Nobody can accurately predict the future on a regular basis. So it is inevitable that, in fantasy football, players that were completely ignored on Draft Day will emerge from the Week 1 woodwork. Throw in the unplanned-for injuries (Charles Rogers, Steve Smith, et al) and what you have is a lot of owners scrambling to the waiver wire to restock for Week 2.

Each week, I'll be here to offer guidance for those in a mad dash to free agency, offering up the top prospects still available in many fantasy leagues:

Quarterbacks
Carson Palmer, Cincinnati –18-for-27, 248 yards, 10 rushing yards, 2 TD passes, 1 INT
Alright, I'll admit it. I had Palmer tabbed for disappointment early on in '04. But Week 1 offered nothing but optimism for the '03 No. 1 overall draft pick. He was accurate, strong-armed and decisive in a 31-24 loss to the New York Jets. Perhaps Palmer's most glowing review came from Bengals WR T.J. Houshmandzadeh, who said: "He knows where [receivers] are going to be. He knows the check-offs. It's natural for him. He has been a quarterback his whole life. He's going to be good, man. He's not afraid to make any throw. If we can execute a little better, he's going to the Pro Bowl." Palmer clearly is going to merit looks as a fantasy backup. In fact, Daunte Culpepper and Matt Hasselbeck owners might want to look to Palmer as their Week 4 bye fill-in, as the Bengals will face a porous Pittsburgh secondary.

Vinny Testaverde, Dallas –29-for-50, 355 yards, 1 TD, 0 INT
I don't think anyone expected Testaverde to throw 50 times in the opener. But with no running game and facing a scoreboard deficit, Dallas had little choice but to turn to the arm of the 41-year old. Given his weapons – Keyshawn Johnson, Terry Glenn, Antonio Bryant and Jason Witten – Testaverde can make a strong case to reside on fantasy rosters as a backup. And until Dallas establishes any semblance of a rushing attack, 40-50 passes could be a regular afternoon for Vinny.

Running Backs
Julius Jones, Dallas Out with sore ribs in Week 1
Jones was inactive in Week 1 because of sore ribs. Some uninformed owners are likely to view the DNP as reason to drop Jones. That would be a big mistake. Dallas went with Eddie George on Sunday and he picked up right where he left off in Tennessee, struggling for three yards per carry. In total, George carried just eight times for 25 yards, one of the reasons the Cowboys went to the air 50 times. A healthy Jones is very likely to supplant George as the starter in the coming weeks. If Jones is on your waiver wire, there is a very good chance you could be picking up a 1,000-yard back.

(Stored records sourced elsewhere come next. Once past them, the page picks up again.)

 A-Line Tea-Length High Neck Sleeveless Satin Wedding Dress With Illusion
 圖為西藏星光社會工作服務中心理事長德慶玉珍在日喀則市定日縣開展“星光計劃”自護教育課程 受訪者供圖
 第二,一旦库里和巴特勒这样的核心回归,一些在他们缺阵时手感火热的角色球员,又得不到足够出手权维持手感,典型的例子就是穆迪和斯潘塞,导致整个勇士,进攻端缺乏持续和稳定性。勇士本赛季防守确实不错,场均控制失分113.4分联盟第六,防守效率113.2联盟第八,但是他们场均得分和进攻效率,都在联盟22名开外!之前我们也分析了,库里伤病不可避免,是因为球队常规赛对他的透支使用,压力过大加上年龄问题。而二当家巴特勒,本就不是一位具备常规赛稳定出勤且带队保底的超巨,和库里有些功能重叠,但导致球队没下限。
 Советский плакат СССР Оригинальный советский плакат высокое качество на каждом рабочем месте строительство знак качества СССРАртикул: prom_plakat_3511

Lamar Gordon, Miami – 12 carries for 32 yards, 5 catches for 30 yards
Gordon had a lackluster debut for the Dolphins in Week 1, but he deserves to be cut some slack considering he'd barely disembarked the plane in Miami before he was thrown into the fire. There is no doubt that the Dolphins have just endured chapter 1 of what is likely to be a 16-part nightmare. But a starting running back is, well, a starting running back. And when it comes to rounding out your fantasy squad, not too many owners have the luxury of parking an NFL starting back in their No. 3-4 fantasy RB spot. Gordon provides fantasy owners a starting gig and, at the very least, the potential for some sporadic help. And that help could come sooner than you think as Gordon will face a Cincinnati team in Week 2 that opened the year by giving up nearly 200 yards to Jets RB Curtis Martin. Consider Gordon ahead of teammates Travis Minor and Sammy Morris, as well as most all of the league's backup running backs.

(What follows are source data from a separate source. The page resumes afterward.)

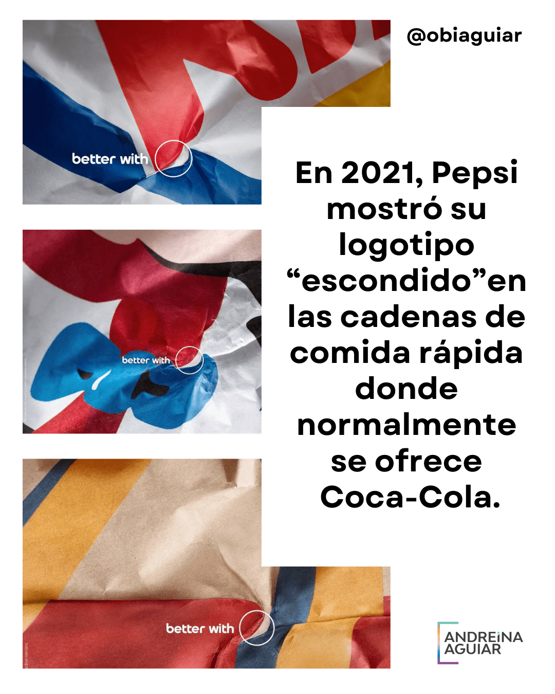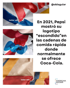 En 2021, Pepsi lanzó una campaña que mostraba su «logotipo escondido” en lugares donde normalmente se ofrece Coca-Cola.
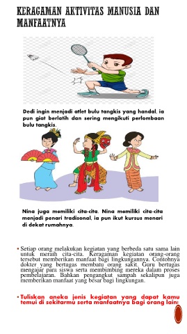 untuk meraih cita-cita. Keragaman kegiatan orang-orang
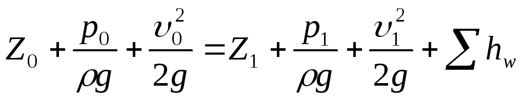 Уравнение Бернулли для сечений 0 — 0 и 1 — 1 (см. рис. 45)
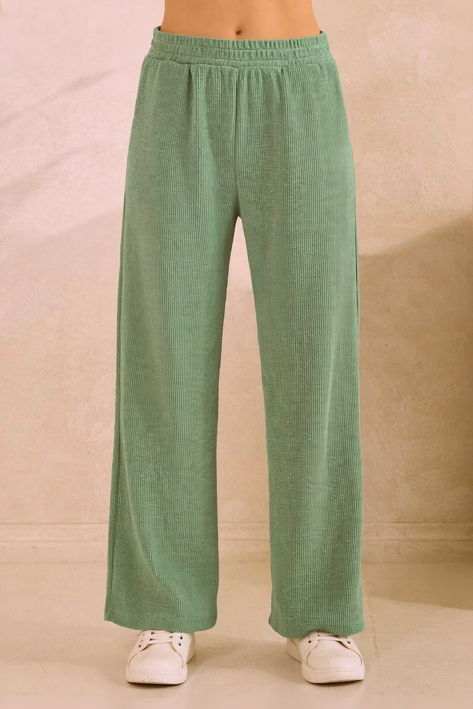Ribbed Wide Legged Bottoms With Pockets
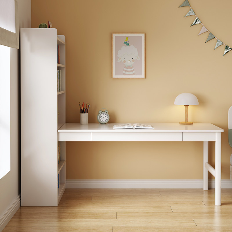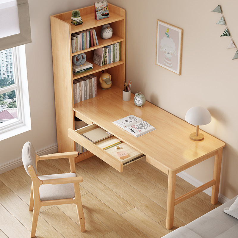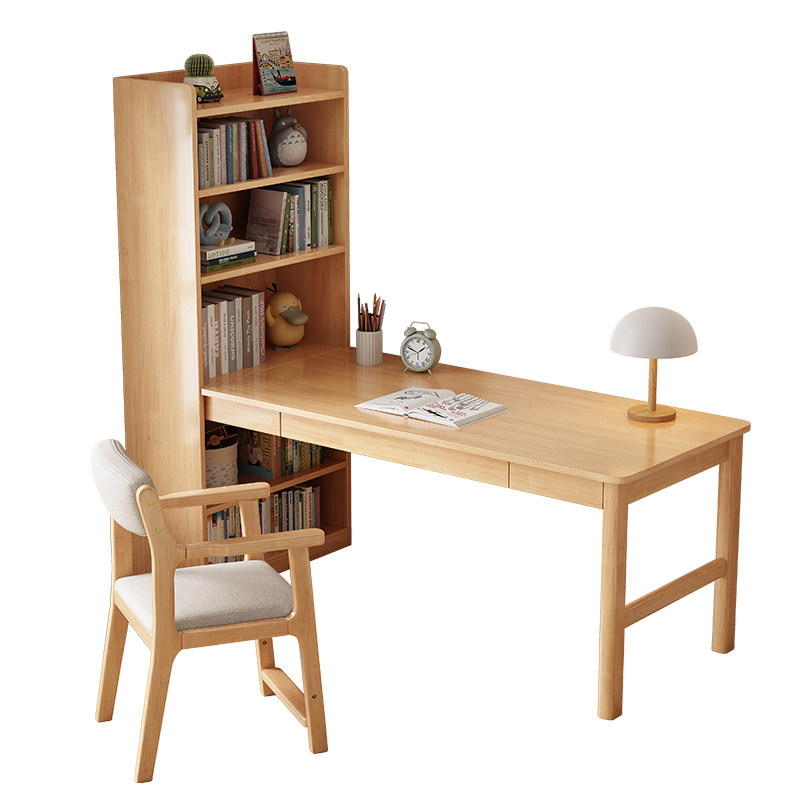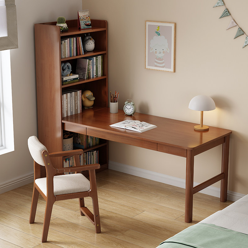 速发实木桌书家用书墙一体儿童写字桌卧室转角办公桌子书房靠柜电

Maurice Morris, Seattle – Backup to Shaun Alexander (day-to-day with bruised knee)
Let the Shaun Alexander watch begin. The Seahawks running back suffered a bruised knee in Week 1, and he'll likely be questionable for the coming week's game at Tampa Bay. And, for those who didn't marry the selection of Alexander with a late-round insurance grab of backup Morris, let the sweating begin. Alexander owners need to run to the wire for Morris, even if Alexander does end up playing. This being just the first week of games, there'll likely be more tense injury moments throughout the course of the season and you might as well avoid more sleepless nights.

Emmitt Smith, Arizona –16 carries for 87 yards, 1 TD
Smith's 87 rushing yards in Week 1 was his best rushing effort in his past 20 games. Many owners had opted to avoid him altogether on draft day, figuring his days as a starter were numbered as he'd either succumb to injury or backup Troy Hambrick. Well, Smith has survived one week without either threat looming on the horizon. And, as I stated in regard to Lamar Gordon, any featured starting running back in the NFL offers at least some measure of insurance to fantasy squads.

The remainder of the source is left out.